%matplotlib inline
import matplotlib.pyplot as plt
import seaborn as sns
import numpy as np
import pandas as pd
plt.style.use('fivethirtyeight')
sns.set_context("notebook")
Pandas has a number of very useful file reading tools. You can see them enumerated by typing "pd.re" and pressing tab. We'll be using read_csv today.
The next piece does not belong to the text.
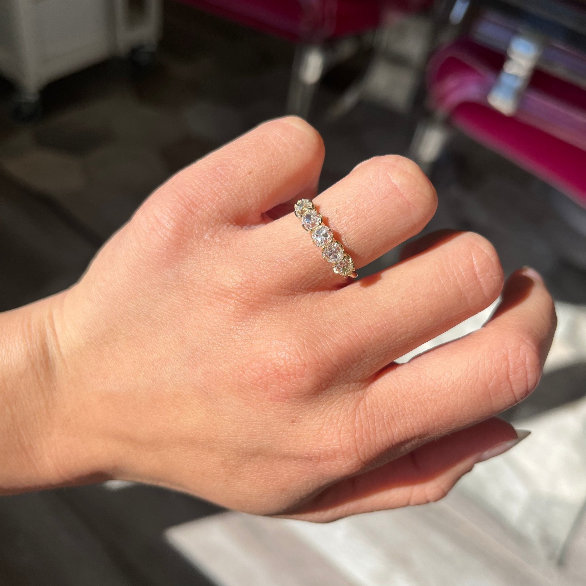 Modeled after antique diamond bands from the Georgian and Victorian eras, this 5-stone band is set with chunky and charming old mine cut diamonds in simple settings with swoopy, airy gallery details. The diamonds are bright and sparkly and just looks so beautiful and elegant on the finger. Our favorite bands by far!

elections = pd.read_csv("elections.csv")
elections # if we end a cell with an expression or variable name, the result will print
Year | Candidate | Party | Popular vote | Result | % | |
---|---|---|---|---|---|---|
0 | 1824 | Andrew Jackson | Democratic-Republican | 151271 | loss | 57.210122 |
1 | 1824 | John Quincy Adams | Democratic-Republican | 113142 | win | 42.789878 |
2 | 1828 | Andrew Jackson | Democratic | 642806 | win | 56.203927 |
3 | 1828 | John Quincy Adams | National Republican | 500897 | loss | 43.796073 |
4 | 1832 | Andrew Jackson | Democratic | 702735 | win | 54.574789 |
... | ... | ... | ... | ... | ... | ... |
177 | 2016 | Jill Stein | Green | 1457226 | loss | 1.073699 |
178 | 2020 | Joseph Biden | Democratic | 81268924 | win | 51.311515 |
179 | 2020 | Donald Trump | Republican | 74216154 | loss | 46.858542 |
180 | 2020 | Jo Jorgensen | Libertarian | 1865724 | loss | 1.177979 |
181 | 2020 | Howard Hawkins | Green | 405035 | loss | 0.255731 |
182 rows × 6 columns
As a simple indexing example, consider the code below, which returns the first 5 rows of the DataFrame.
elections.loc[0:4]
Year | Candidate | Party | Popular vote | Result | % | |
---|---|---|---|---|---|---|
0 | 1824 | Andrew Jackson | Democratic-Republican | 151271 | loss | 57.210122 |
1 | 1824 | John Quincy Adams | Democratic-Republican | 113142 | win | 42.789878 |
2 | 1828 | Andrew Jackson | Democratic | 642806 | win | 56.203927 |
3 | 1828 | John Quincy Adams | National Republican | 500897 | loss | 43.796073 |
4 | 1832 | Andrew Jackson | Democratic | 702735 | win | 54.574789 |
We can also use the head command to return only a few rows of a dataframe.
elections.head(5)
Year | Candidate | Party | Popular vote | Result | % | |
---|---|---|---|---|---|---|
0 | 1824 | Andrew Jackson | Democratic-Republican | 151271 | loss | 57.210122 |
1 | 1824 | John Quincy Adams | Democratic-Republican | 113142 | win | 42.789878 |
2 | 1828 | Andrew Jackson | Democratic | 642806 | win | 56.203927 |
3 | 1828 | John Quincy Adams | National Republican | 500897 | loss | 43.796073 |
4 | 1832 | Andrew Jackson | Democratic | 702735 | win | 54.574789 |
Or the tail command to get the last so many rows.
elections.tail(5)
Year | Candidate | Party | Popular vote | Result | % | |
---|---|---|---|---|---|---|
177 | 2016 | Jill Stein | Green | 1457226 | loss | 1.073699 |
178 | 2020 | Joseph Biden | Democratic | 81268924 | win | 51.311515 |
179 | 2020 | Donald Trump | Republican | 74216154 | loss | 46.858542 |
180 | 2020 | Jo Jorgensen | Libertarian | 1865724 | loss | 1.177979 |
181 | 2020 | Howard Hawkins | Green | 405035 | loss | 0.255731 |
If we want a subset of the columns, we can also use loc just to ask for those.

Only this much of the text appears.